Because a lot of guys are really threatened by the thought of equality and can't make sense of it.



AlwaysOnTheOutside said:


> There's a great website called takeninhand.com that can give you a lot more information.





> A Taken In Hand relationship is a wholehearted sexually exclusive marriage in which, to the delight of both spouses, *the man actively controls the woman.* The degree of control and the way the husband retains control vary from Taken In Hand couple to Taken In Hand couple, but in all cases both husband and wife actively want the husband to have the upper hand. *No matter how strong, tough and forceful a **Taken In Hand** wife may be, and no matter how hard she might try to take control in their marriage, she would be aghast if her husband were to let her get the upper hand.* Likewise, no matter how loving, kind and considerate the husband may be, *he prefers to keep his wife firmly in hand.*


Goes to show whats still wrong in society today uke


----------



## bowlingpins (Oct 18, 2008)

Women are more likely to work part time as they traditionally spend more time taking care of children/household. Given this, it would be ok for them to make less money. 

Otherwise, there should not be any difference.


----------



## Cerberus (Feb 13, 2005)

I wouldn't have a problem with her making more money if she didn't and she wasn't cheap. What the hell should I care? It's more money. More money means a greater chance of doing some pretty cool things. Ideally, sure, I would like to be in the breadwinner position, but in the end, either way, it's more money. Perhaps I wouldn't look very manly and socially desirable to the jonses next door, but the jonses can go **** themselves. I'm not ****ing the jonses nor are the jonses going to get me a jet ski for christmas.


----------



## No-Sturm-und-Drang (Jan 21, 2009)

I think the guy would feel bad if the woman made more.

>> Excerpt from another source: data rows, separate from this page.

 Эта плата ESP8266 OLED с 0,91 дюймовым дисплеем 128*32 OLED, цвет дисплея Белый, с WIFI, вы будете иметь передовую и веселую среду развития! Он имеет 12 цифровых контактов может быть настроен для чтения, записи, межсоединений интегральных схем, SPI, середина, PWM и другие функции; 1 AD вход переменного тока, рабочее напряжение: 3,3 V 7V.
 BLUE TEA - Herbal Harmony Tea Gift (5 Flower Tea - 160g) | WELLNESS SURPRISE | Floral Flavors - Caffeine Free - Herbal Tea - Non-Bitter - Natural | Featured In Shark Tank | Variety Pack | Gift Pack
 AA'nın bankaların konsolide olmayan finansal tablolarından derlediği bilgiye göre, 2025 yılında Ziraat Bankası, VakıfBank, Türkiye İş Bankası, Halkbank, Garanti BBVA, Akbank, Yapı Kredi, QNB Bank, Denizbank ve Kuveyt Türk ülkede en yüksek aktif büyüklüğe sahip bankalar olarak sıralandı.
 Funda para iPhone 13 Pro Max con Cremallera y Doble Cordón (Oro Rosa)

Like he is not good enough even if he is.


----------



## AussiePea (Mar 27, 2007)

Social steriotypes emphasize that that male should make more but in this day and age where both sexes are seen as more or less equal professionally (as should be the case) it really shouldn't matter. The key is simply that both parties are involved in a career they enjoy and whoever makes the most as a result is simply the way it is. Personally I wouldn't be fussed either way.


----------



## SusanStorm (Oct 27, 2006)

Who cares?It doesn't matter at all.
What matters is that you actually have money to survive and live the life you want.

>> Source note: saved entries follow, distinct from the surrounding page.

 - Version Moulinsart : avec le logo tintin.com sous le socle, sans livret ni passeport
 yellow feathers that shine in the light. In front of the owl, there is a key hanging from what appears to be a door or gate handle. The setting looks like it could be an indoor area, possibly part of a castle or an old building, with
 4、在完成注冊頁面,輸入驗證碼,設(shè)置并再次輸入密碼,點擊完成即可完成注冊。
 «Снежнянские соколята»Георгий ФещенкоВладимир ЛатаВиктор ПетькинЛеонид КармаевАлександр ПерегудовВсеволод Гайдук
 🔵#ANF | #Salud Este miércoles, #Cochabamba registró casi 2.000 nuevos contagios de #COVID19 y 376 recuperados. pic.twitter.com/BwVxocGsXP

It's a pretty old fashioned way of thinking and women don't need to be supported these days anyways.
I'm not going to have a criteria about how much money he makes..


----------



## TurningPoint (Jan 27, 2010)

Kathe said:


> Whomever spends the most. :teeth


This one works.


----------



## BetaBoy90 (Jan 5, 2010)

Dr House said:


> I don't really think about money too often. As long as the gurl can pay for her own stuff sometime its all good.


Agreed!


----------



## fingertips (Jan 11, 2009)

the woman should be at home cooking and having babies while i'm out making money and smiting those eeeeeevil feminists


----------



## Aloysius (Jul 16, 2008)

me


----------



## sash (Nov 16, 2009)

When I worked, I made more but we decided that when we had kids one of us would stay home with them. My hubs didn't want to be the one to stay home with them. So I saved up an emergency fund before I left to be able to help him out and so that I could buy my personal stuff with it. I never ask him for money or expect him to give me an allowance. It worked out but as soon as my daughter gets old enough for pre-school, I would like to go back to work. He didn't want me to ever go back. But I miss the independence and also afraid that if we divorced, I'd be left without a job.


----------



## estse (Nov 18, 2003)

The person with the better job.


----------